Adding tests without owners. A test that fails and no one fixes is noise. Every test should have a clear owner in the model's YAML and a runbook for what to do when it fires.
Incident response
When a quality alert fires, the discipline is:
- Triage — is it real, or a flaky test? Look at the failing rows.
- Communicate — if downstream dashboards are affected, post in the data channel. Don't wait until stakeholders find it.
- Fix the data — the immediate priority. Backfill, re-run, mark records, whatever.
- Root-cause — what change introduced this? Was it a schema change, a logic bug, a data drift?
- Prevent — add a test that would have caught this earlier. Document the gotcha in the model's yaml.

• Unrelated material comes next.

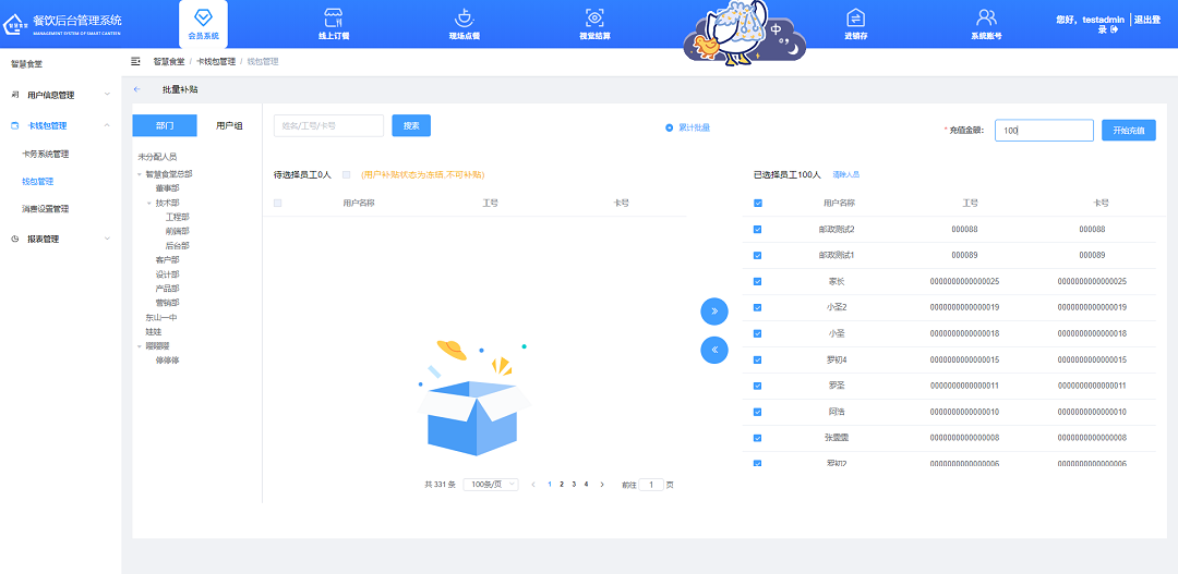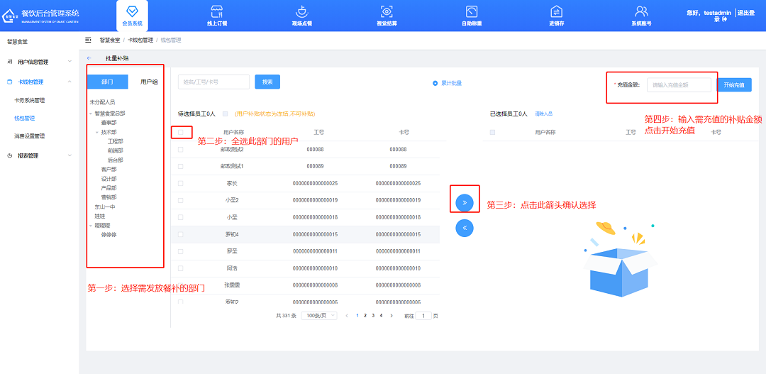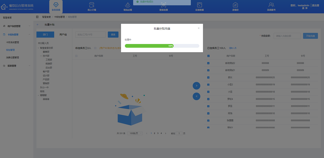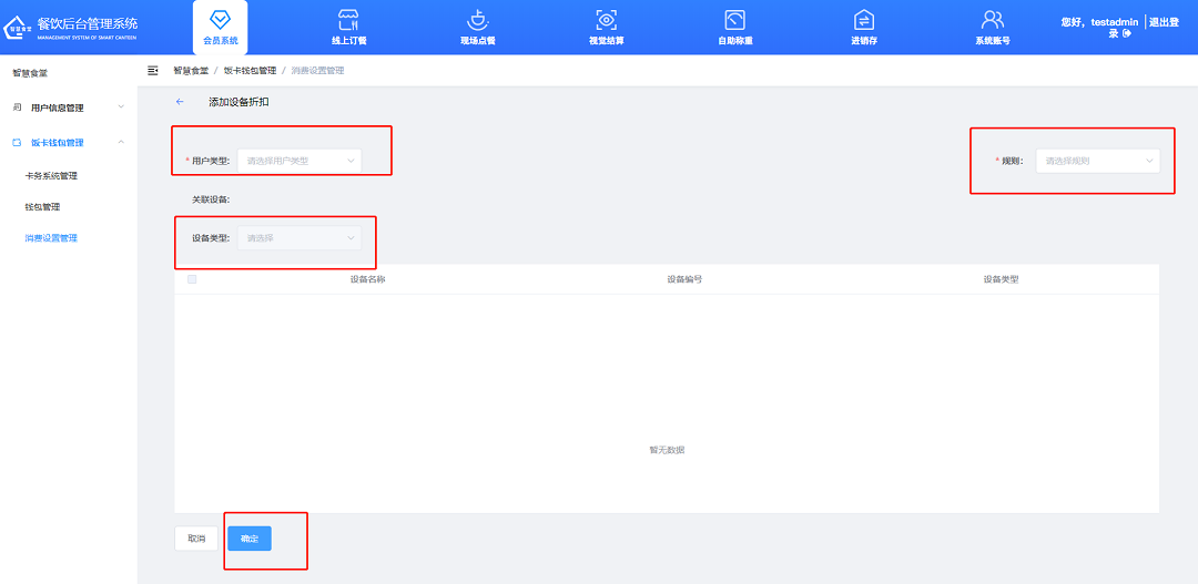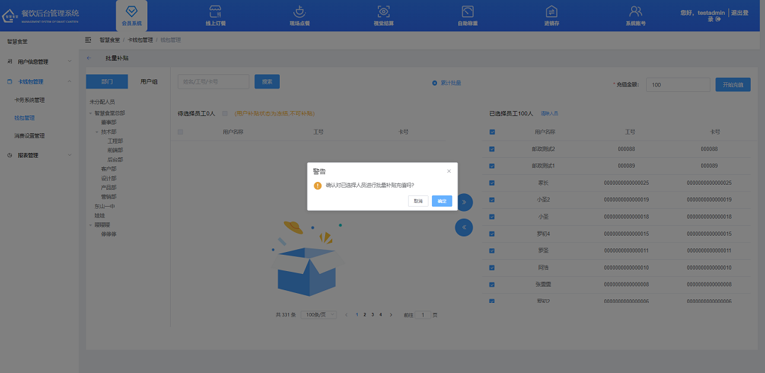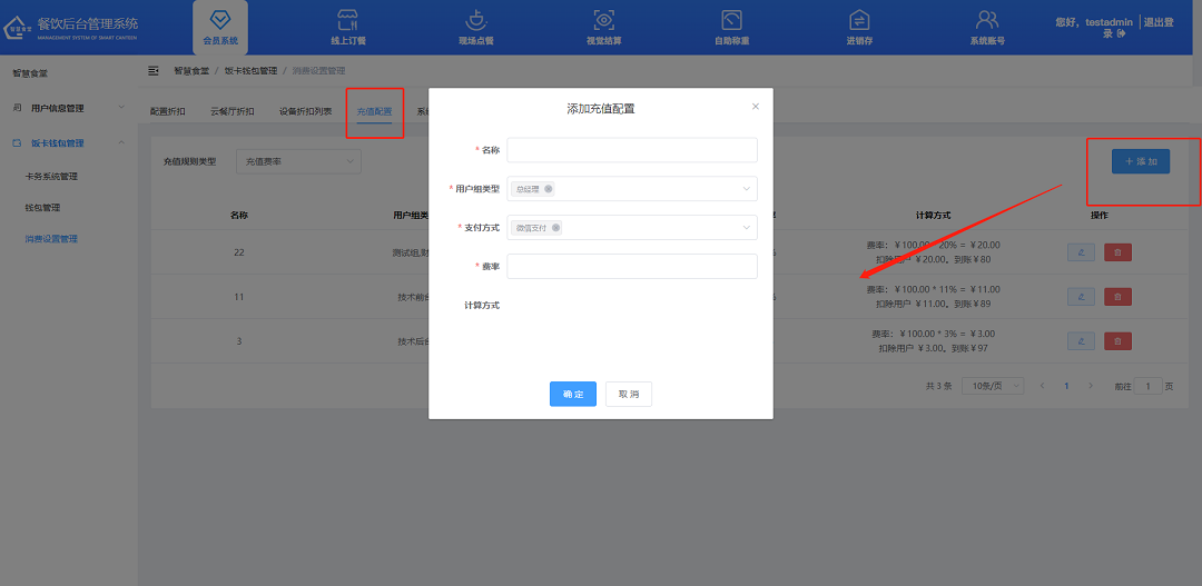 ①飯卡充值,點擊“充值”按鈕對用戶進行充值,填寫需充值的數(shù)額,選擇支付方式,點擊“確定”按鈕,完成充值;

- Postmortem for the painful ones. Mature data teams run them like SREs run incident reviews.
Talking points
"Three layers. First, dbt tests on every model — unique, not_null, relationships, accepted_values at minimum. Custom singular tests for business rules. Second, source freshness checks that alert when upstream stops loading. Third, an observability layer — Elementary or Monte Carlo — for anomalies tests can't catch: distribution shifts, volume drops, schema drift. Critical operational piece: severity strategy. Severity-error for true contracts (PK uniqueness, freshness), severity-warn for signal-not-gate. And every test needs an owner — a test that fails and nobody fixes is just noise."